Bartering up: capitalism and the laws of thermodynamics

Great story today about a guy exploiting (in a positive way) the power of Craigslist, and conducting a series of barter exchanges that so far has started with a red paperclip and ended with a year’s free stay in a house in Phoenix.

Of course, any reader of This Old House Magazine knows that there are many old houses that are available for essentially free, provided you can move them or otherwise improve them. So theoretically Kyle MacDonald should have had his house a long time ago. But this is the rub about Craigslist: it’s not a perfect market, because not every buyer or seller is plugged into it.

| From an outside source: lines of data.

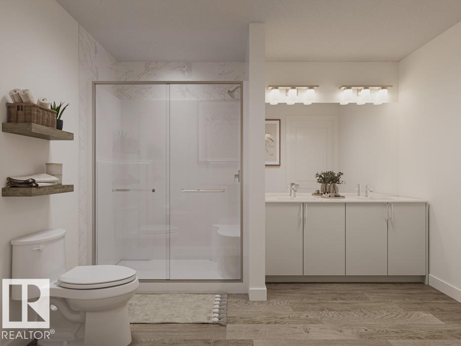 Built by Sterling Homes, this front-attached home in College Woods at Lakeview blends modern design with a serene, tree-lined setting. Triple-pane windows and 9' ceilings brighten the open main floor. The kitchen features quartz countertops, island seating, upgraded cabinetry, chimney hood fan, tile backsplash, and corner pantry. The great room with electric fireplace opens to the backyard. Upstairs, the primary suite offers two walk-in closets and a 4-piece ensuite with double sinks and glass shower, plus a loft, two bedrooms, laundry, side entrance, double garage, and basement rough-ins.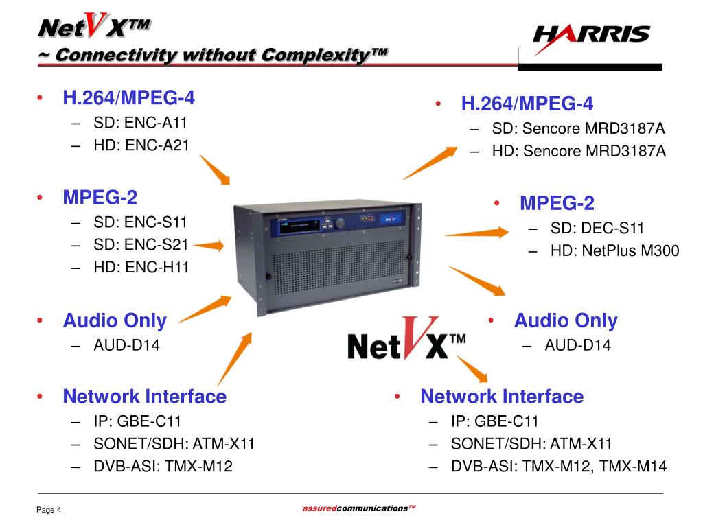 Harris Corporation Broadcast Communications Division. Net V X™ ~ Agenda. Value Proposition NetVX Overview SYS-350 Chassis 7.2 Feature Set Applicable Markets Typical Packages per Market Product Availability H.264 Demo’s Marketing Initiatives Upcoming Features Competitors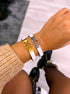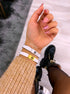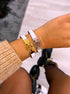 Pulseira rígida - escrava, com esmalte branco, com pormenor de "H" ao centro no encaixe da pulseira.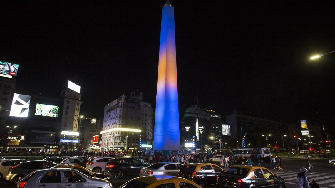 Por esta razón, el Gobierno de la Capital Federal autorizó a iluminar durante una hora de azul y amarillo el emblemático monumento ubicado sobre la avenida 9 de Julio y Corrientes.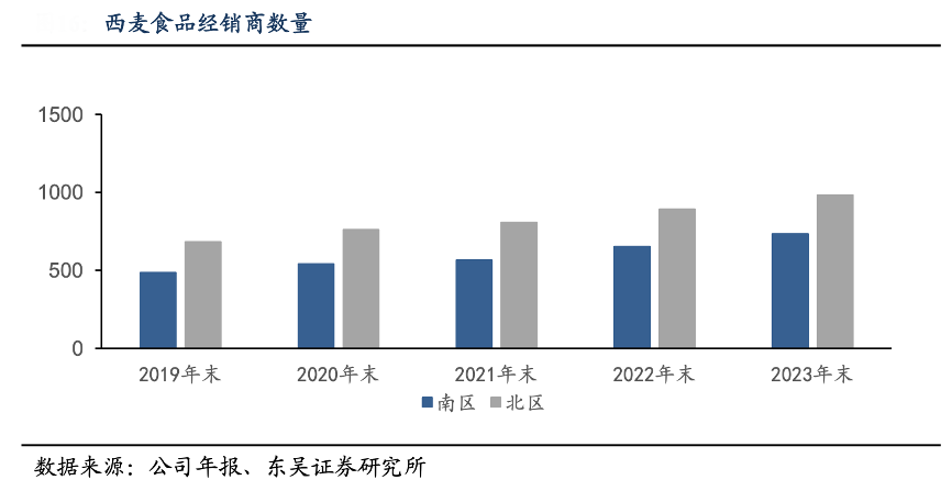 經(jīng)典案例:根據(jù)公司年報、東吳證券研究所等綜合資訊表明,截止2023年底,西麥食品合作經(jīng)銷商達到 1718 個,招商加速,已經(jīng)建立起龐大的經(jīng)銷系統(tǒng)。經(jīng)銷商網(wǎng)絡(luò)已經(jīng)覆蓋到三四線城市縣城及重點城市鄉(xiāng)鎮(zhèn)門店,并且根據(jù)公司戰(zhàn)略,將會針對地域開展專項策略,積極拓展重點城市在進場零售業(yè)態(tài)的鋪市滲透,進一步對優(yōu)勢區(qū)域渠道下沉。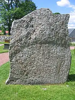 The inscriptions have led to a controversy on the meaning of the Old Norse verb eiga ("to own"), and to a debate on the origins on the hundred division.[4] It is debated whether he really owned the hundred or if he was appointed as its chieftain (hersir) by the King of Sweden, and a final conclusion is probably impossible to arrive at.[2]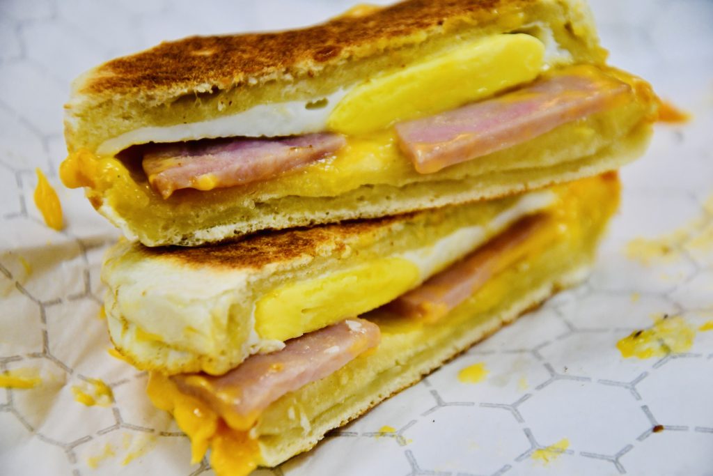I’m likely not mentioning any ingredients you don’t already know but hear me out on this. The muffins are made on-site daily with fresh dough in their muffin maker, which produces textbook flavor and form. Hearty slices of ham, perfectly cooked egg, and cheddar cheese are pressed and melted together creating a waterfall of gooiness that pours over the sides.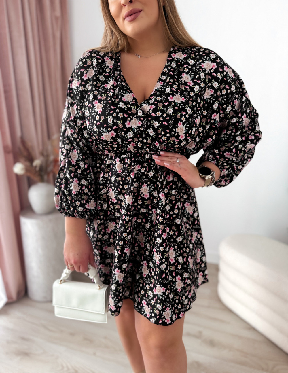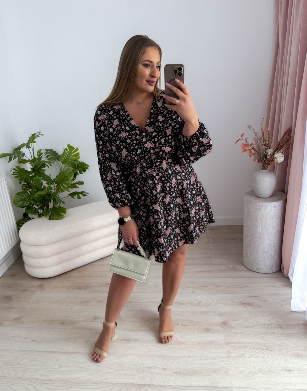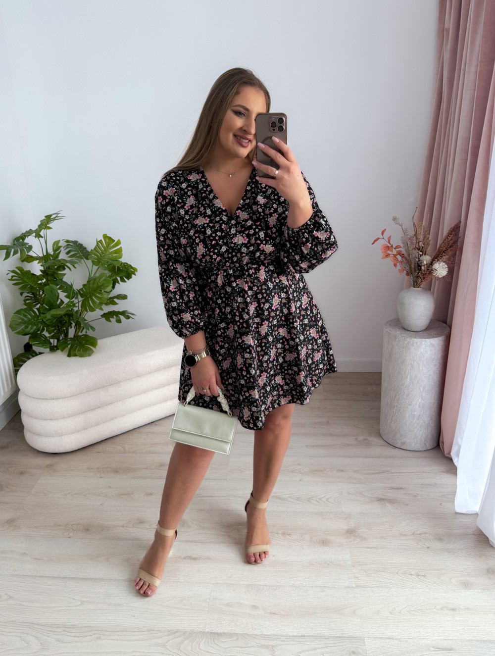 Sukienka krótka w różowe kwiatki Terra - czarna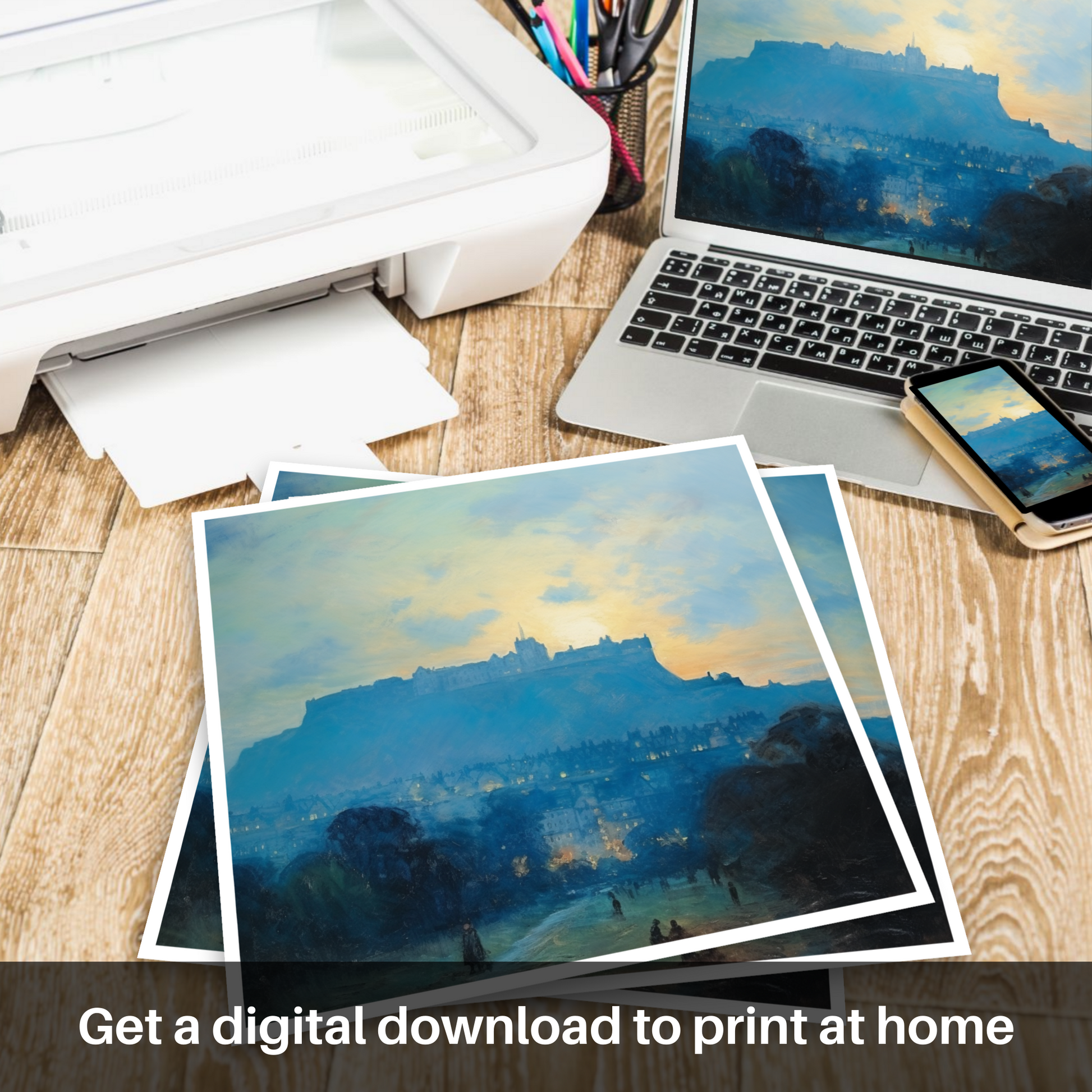 This print invites you to experience the romantic allure of Scotland's capital city, offering a timeless piece of art that will evoke memories or dreams of strolling through Edinburgh as day transitions into night.

The larger economic point that is missed by the article, and by the premise of MacDonald’s experiment, is that there is no way to overcome economic friction. Part of what MacDonald is doing in his “trades up” is exploiting private valuations of goods that are lower than his own private valuation, and thus apparently creating value in the trade. But this overlooks the value of MacDonald’s time and the opportunity cost that he incurs by spending time on this project. The other factor is the value contributed to the project by people like Annie Robbins who acts economically irrationally because she admires the anticonsumerist principle of the exchange, and by the snowmobile company that donates goods and travel in exchange for marketing publicity. In fact, that particular trade may well have destroyed traditional value somewhere along the way.

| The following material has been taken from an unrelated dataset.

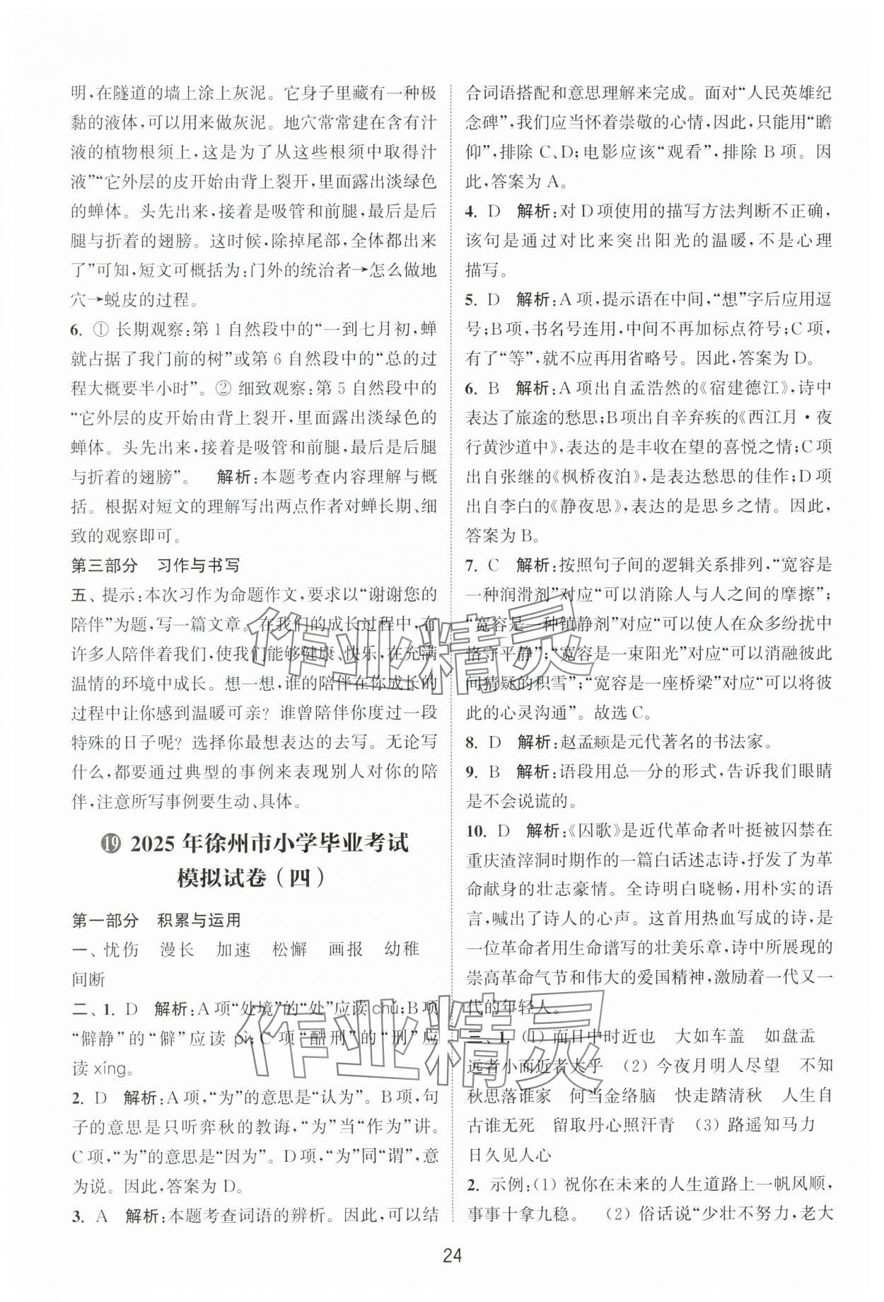注:目前有些书本章节名称可能整理的还不是很完善,但都是按照顺序排列的,请同学们按照顺序仔细查找。练习册 2025年小学毕业考试试卷精编语文徐州专版 答案主要是用来给同学们做完题方便对答案用的,请勿直接抄袭。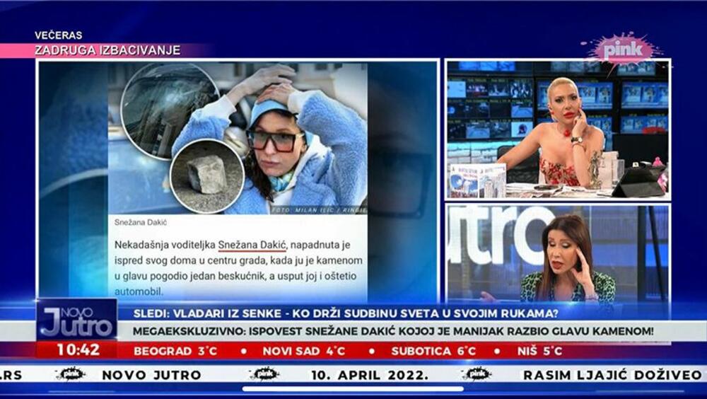 Voditeljka Snežana Dakić gostovala je u emisiji kod Jovane Jeremić gde je govorila o napadu koji je doživela od strane nepoznatog muškarca pre nekoliko dana.

So here’s the larger economic question: are market exchanges in particular, and the market in general, subject to the laws of thermodynamics? Is it possible to have a trade that “creates value”? Or is what happens merely a shifting of value from one party to a different party with some inevitable loss of friction?

A lot of modern negotiation theory is based on the principle of the “win-win” where both parties at a table derive benefit from a trade. The question is: who loses? Does every win-win have an external party somewhere who is not represented at the table who is disadvantaged by the trade in some way?

These aren’t theoretical questions. A lot of the politics that surrounds business is based on the conflict between people who believe in win-win (or at least tout its value) and people who argue on behalf of the damaged external party. Think industry vs. environmentalists.